Cuestión de fe

La curia francesa anda desgarrándose las vestiduras y clamando a los cielos después de haber descubierto que una pequeña empresa local comercializa toda una línea de cosméticos elaborados a base de agua de Lourdes y que se promocionaba con «propiedades que tienen el poder de ayudar a apaciguar tanto el alma como el cuerpo». Sin paños calientes que valgan, los responsables del santuario han advertido muy seriamente que la explotación comercial del agua milagrosa está «estrictamente prohibida y que es contraria a la fe católica», algo a todas luces novedoso, porque hasta el momento los mercaderes del templo, muchos de ellos con sotana, no han hecho más que explotar la lotería mariana a cambio de sustanciosos ingresos económicos en un algo así como, oiga, pásese usted por aquí con su limosna, que lo mismo le toca el milagro en el próximo sorteo paranormal.

Esta empresa debería haber sabido que con las cosas del poder no se juega, que meterse en mercados ajenos es intrusismo profesional y que en cuestiones de fe el copyrigth lo tiene la Santa Madre Iglesia.
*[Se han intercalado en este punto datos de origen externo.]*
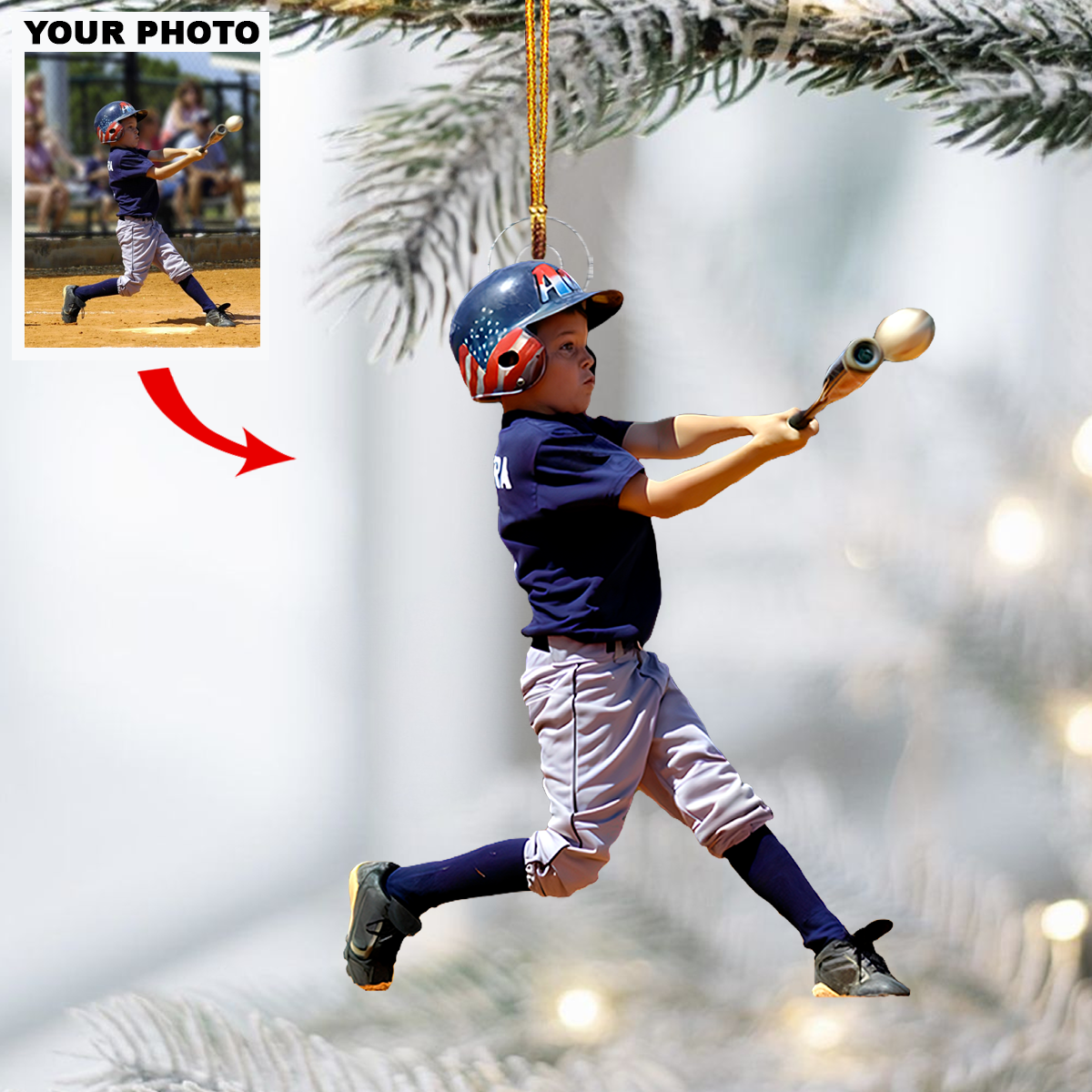 Kids Baseball - Personalized Photo Mica Ornament - Christmas Gift For Children, Baseball Players

Que si por algo es la institución más longeva del planeta lo es porque sus jerarcas comprendieron hace tiempo que, entre otras cosas, la fe más que montañas mueve el dinero, y que es este el que realmente hace girar el mundo.

Lástima que esos cosméticos no sean milagrosos, porque podría repartirse un poco de crema facial para aplicársela, un suponer, al bueno de Ares, para apaciguar esa alma atormentada que se niega ahora a sentarse en Aiete porque «no hay razones ni justificaciones» para ello. Habrá que rezar para ver si alguien inventa, con agua de Lourdes o sin ella, un ungüento para la mala fe.